Abstract

Diffuse-type gastric cancer is observed in approximately one-third of gastric cancers, yet the optimal treatment remains controversial. In the recently published Intergroup 0116 trial, a subgroup analysis demonstrated a lack of a long-term survival benefit for adjuvant chemoradiation therapy among patients with diffuse-type gastric cancer. The Surveillance, Epidemiology, and End Results registry database was queried for patients who were newly diagnosed with diffuse-type gastric cancer between 2002 and 2005 and underwent surgical resection with or without adjuvant radiotherapy (RT). Overall survival (OS) was analyzed by the Kaplan-Meier method. Cox proportional hazards models were used to investigate the association between adjuvant RT and OS, with and without adjusting for other factors. In addition, propensity score methods were used to control for the possible effects of measured confounders.

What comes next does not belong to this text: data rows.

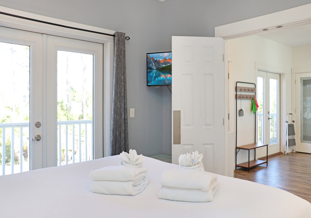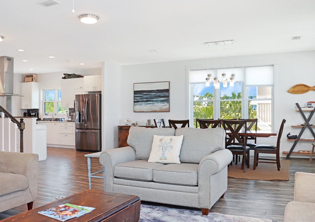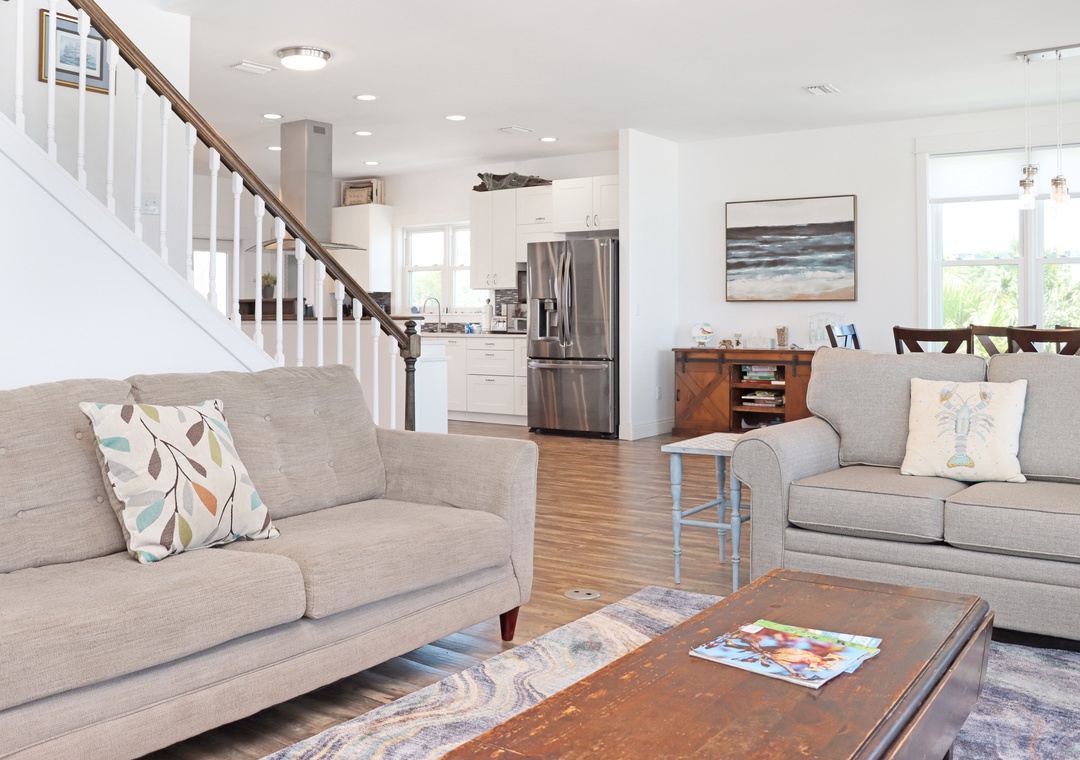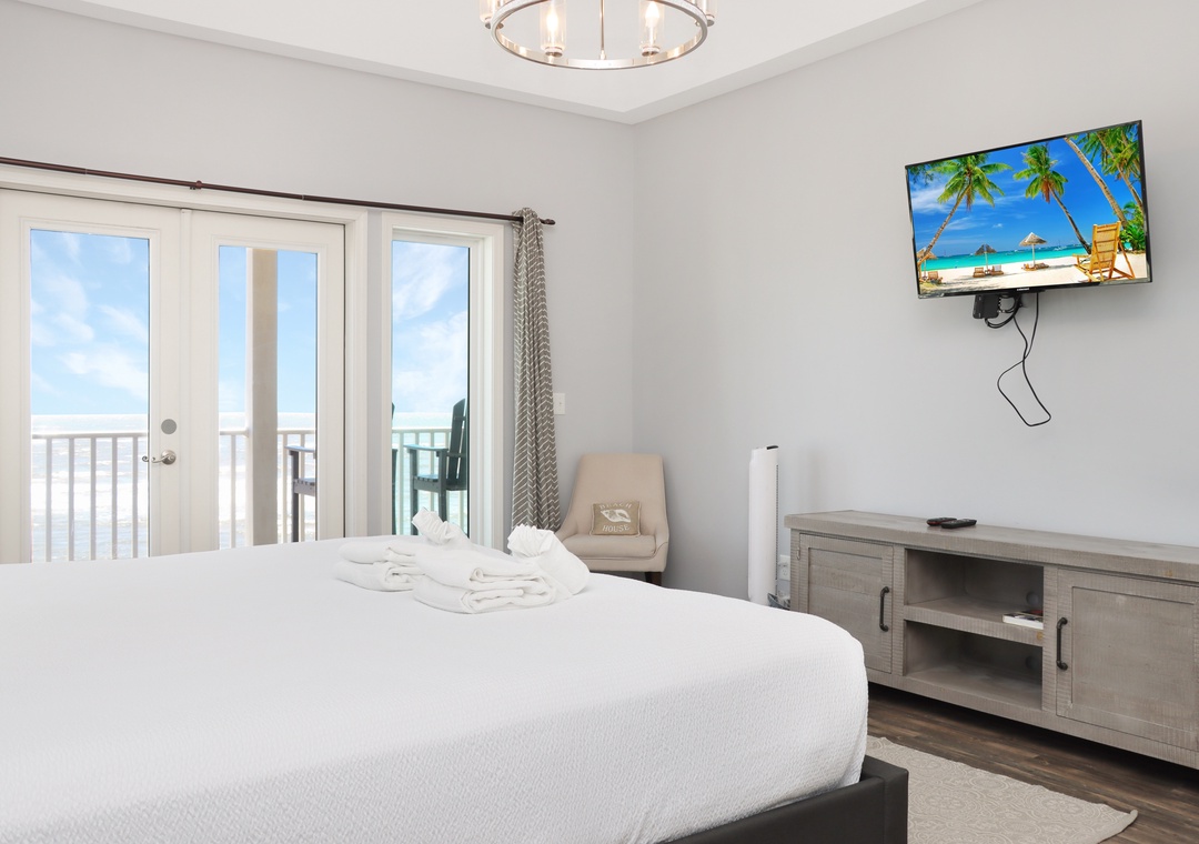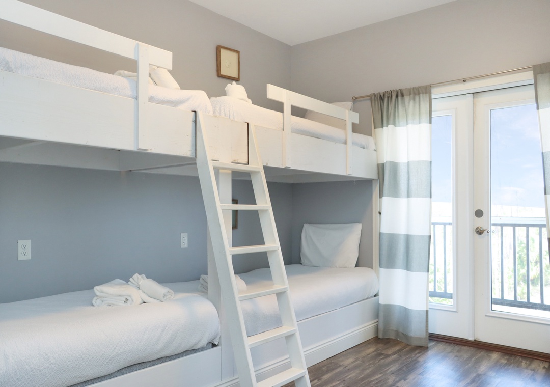 Sandpiper is a cozy beach rental right on the stunning Indian Pass. It’s the perfect spot for anyone looking to kick back and soak up some sun by the water. With the waves crashing and breathtaking views, you’ll feel right at home in this laid-back getaway. It features 4 bedrooms and 3 bathrooms that accommodate up to 10 guests—perfect for family gatherings or trips with friends. The main level has an open-concept design that combines the kitchen, dining area, and living room, all with stunning beach views through large windows. On this level, guests can unwind on the covered beachfront deck or enjoy the convenience of a cozy bedroom and bathroom. Upstairs, three additional bedrooms, including a luxurious master suite with a spa-like bathroom with a large shower and a classic clawfoot tub, and a charming bunk room with custom bunk beds, offer private deck access.
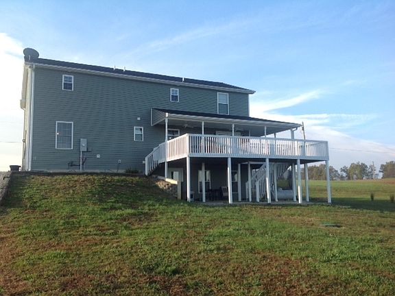 Spacious, two-story home located near Rineyville situated on approx. 5.465 acres featuring a wrap-around covered porch/deck stretching on three sides of the home providing a gorgeous view of the surrounding hills and pastures. This country home has numerous features and amenities: Electric heat pump with dual climate control zones; Kitchen has all stainless steel appliances with a gas stove, tile backsplash, large island w/cabinetry, and dual sinks; All four bedrooms have sizable walk-in closets; Large master bedroom/bathroom suite features a jetted tub, separate 4-ft wide stand alone shower w/glass door, can lighting, dual vanity sink, and a cozy electric fireplace; Finished, open-spaced walkout basement with a gas-log fireplace and a full bathroom. Huge, detached two-car garage has workshop space with an additional covered carport with RV electric hookup. In addition, the main-level family room features a comfy gas-log fireplace. Furthermore, this home has an underground pet fence, garden plot, working hen house, several fruit trees (2-apple, 1-peach), and a brick/stone fire pit. Both the laundry room/pantry and the hobby/recreational room are located on the main-level of home.
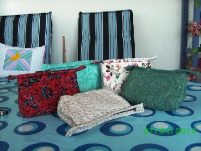 | Die hab ich aus der Lena vom Februar 2009, LH 726. Sind eigentlich mit Flying Geese gearbeitet, aber das war mir zu viel, deshalb hab ich sie ohne Muster genäht (dachte, der Stoff allein wirkt für sich). |
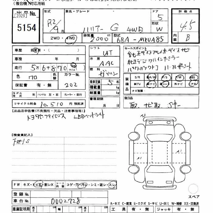 TOYOTA HARRIER 2020 г., лот № 5154
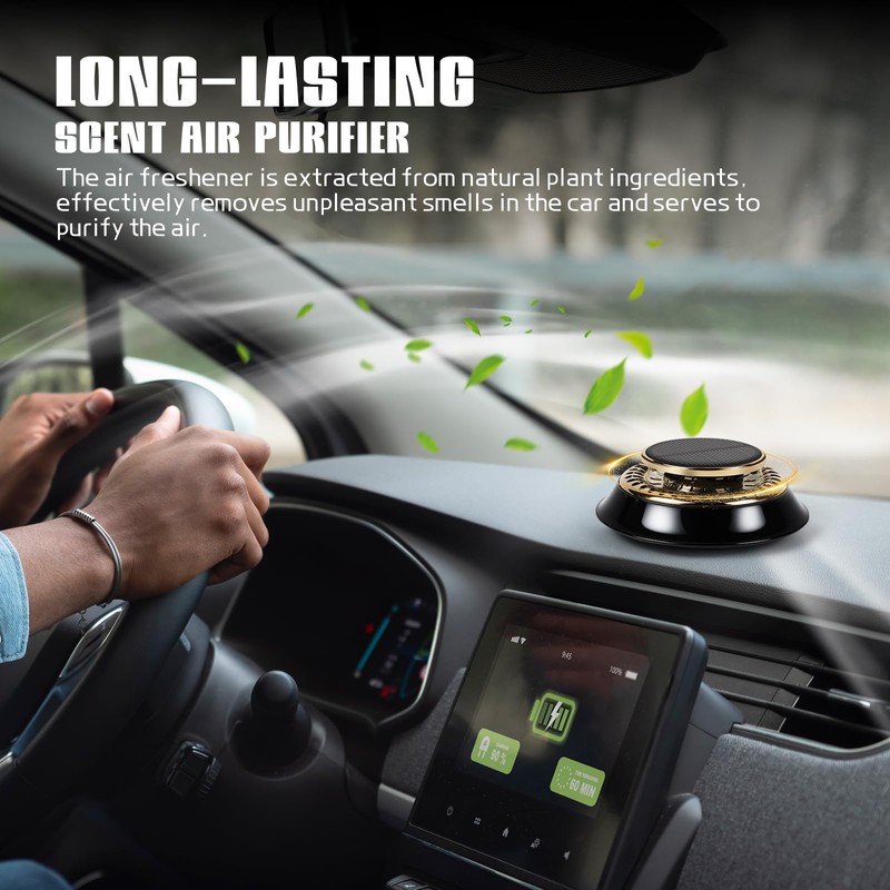 • 【Solar Powered】: Our air freshener is solar-powered and requires no batteries or external power supply to operate, which saves you a lot of trouble. The motor bearing will be automatically driven to rotate and diffuse the scent under sunlight. It rotates quickly, diffuses the scent efficiently, and is ultra-quiet, making no noise.
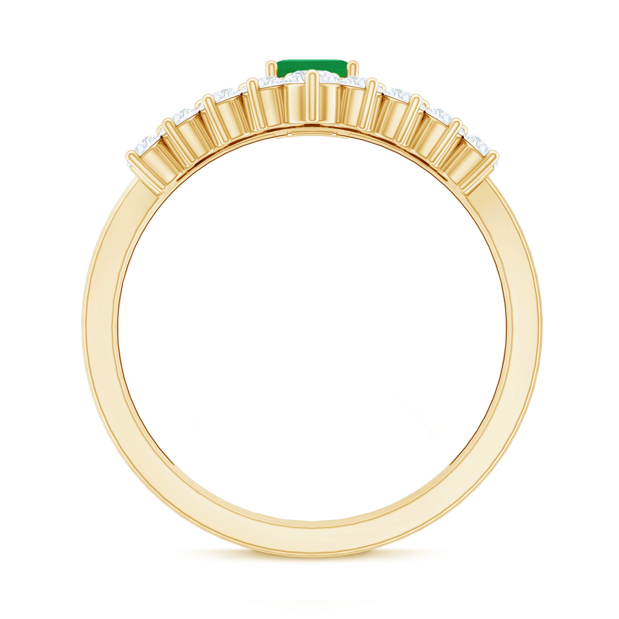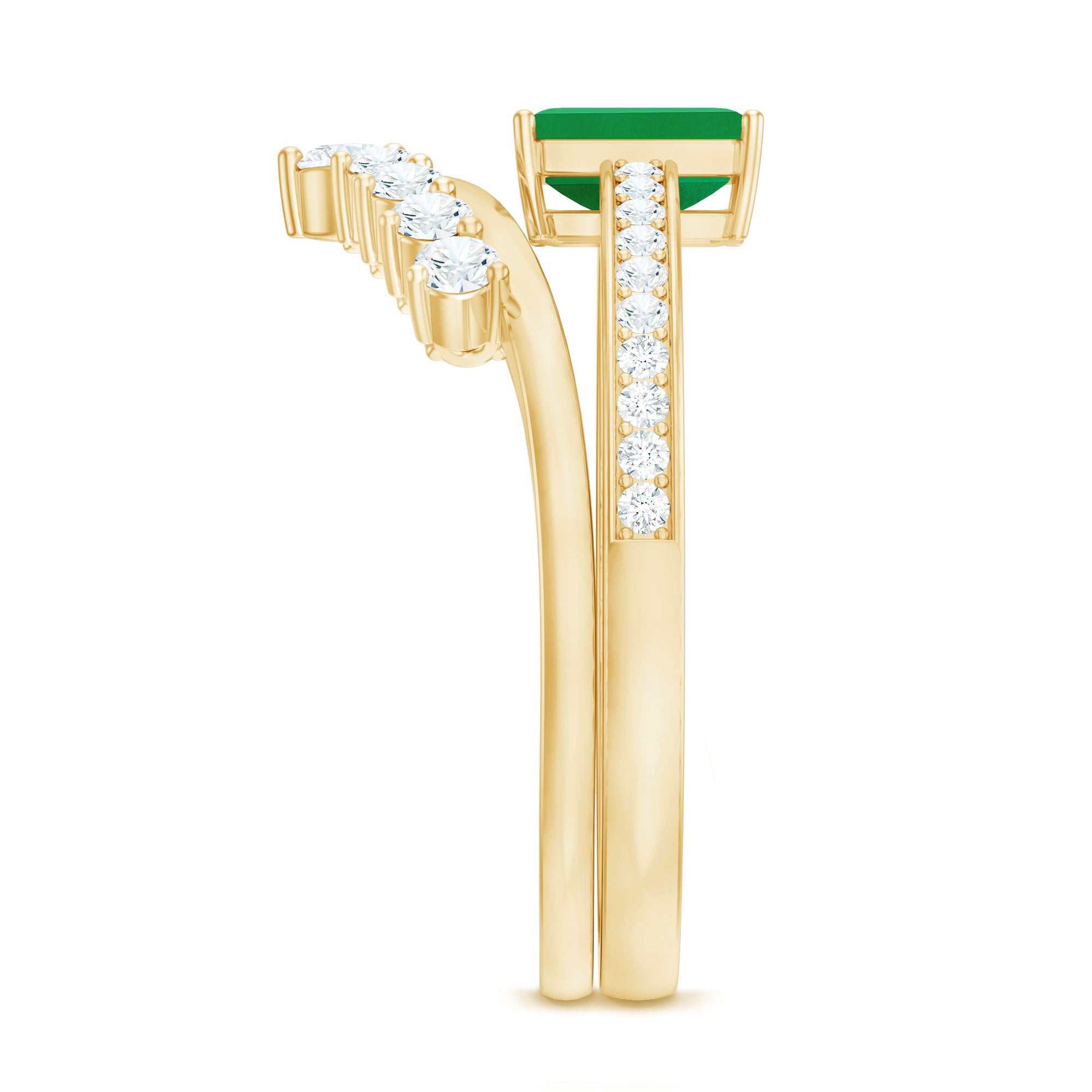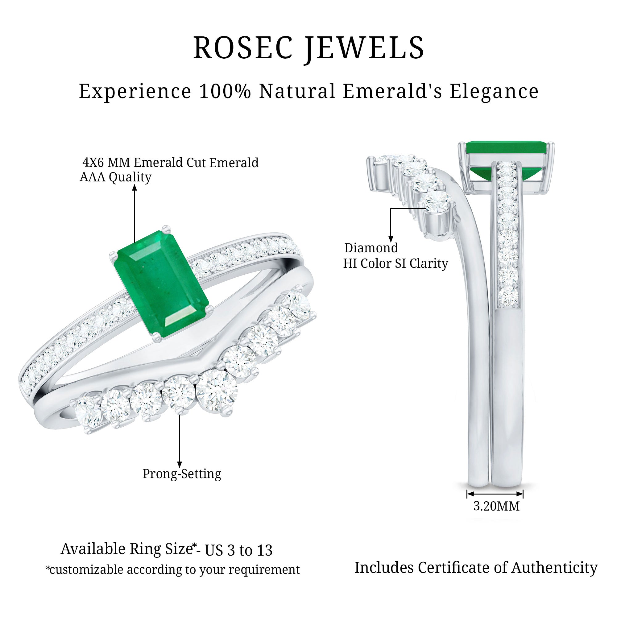 Unveil the brilliance of eternal love with this captivating Wedding Engagement Ring Set, designed to celebrate your most cherished moments. The Solitaire Engagement Ring adorned with 4X6 mm Emerald Cut Emerald set in Prong Setting is beautifully framed by sparkling Diamond Side Stones that catch the light from every angle. Complementing it, the gracefully Curved Wedding Band is adorned with delicate Diamond stones, hugging the Emerald Cut Engagement Ring perfectly to create a seamless, elegant union. Each piece can stand alone for understated sophistication or be worn together for a dazzling, layered statement that reflects your unique love story. Delivered in a signature jewelry box and available in multiple sizes, this Emerald Wedding Ring Set is a symbol of devotion, passion and the promise of forever. Perfect for the bride who dreams of timeless elegance with a contemporary flair, this Emerald Engagement Ring with Wedding Band transforms every gesture into a sparkling celebration of romance. Let this Wedding Bridal Ring Set be a treasured reminder that true love is endlessly beautiful.
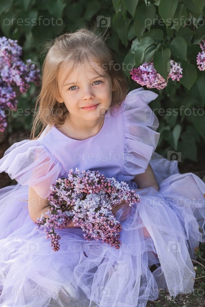 Весеннее цветение. Портрет красивой маленькой девочки 4 лет в сиреневом платье с букетом сиреневых цветов на природе. Детство. Ребенок позирует и смотрит в камеру
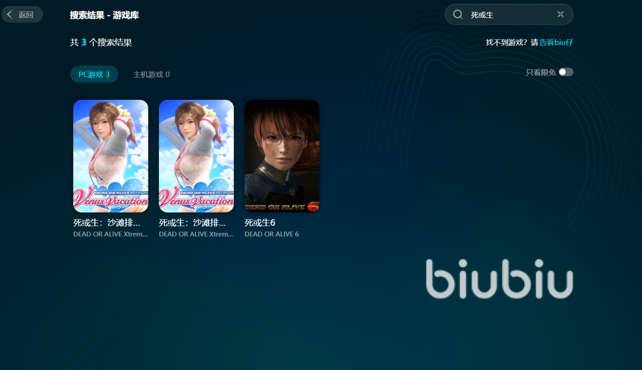 此外,为了给玩家提供更丰富优质的加速体验,biubiu游戏库保持持续更新,可见已有“死或生”系列的多款经典作品,大家使用一个会员账号,即可享受PC、主机端海量的作品优化,性价比很高。

A total of 1889 cases of surgically resected diffuse-type gastric cancer were included in the analysis; of these cases, 782 patients received adjuvant RT and 1107 did not receive RT. The median survival time was 30 months in the group treated with adjuvant RT versus 18 months in the group that did not receive RT with matched propensity scores (P<.001). The Cox model confirmed the improvement in OS in patients who received adjuvant RT (hazard ratio, 0.75; 95% confidence interval, 0.65-0.82 [P<.001]). The current population-based observational study suggested a potential survival benefit for adjuvant RT among patients with diffuse-type gastric cancer. The standard treatment will likely remain controversial until evidence becomes available from phase 3 randomized trials exclusively for patients with diffuse-type gastric cancer.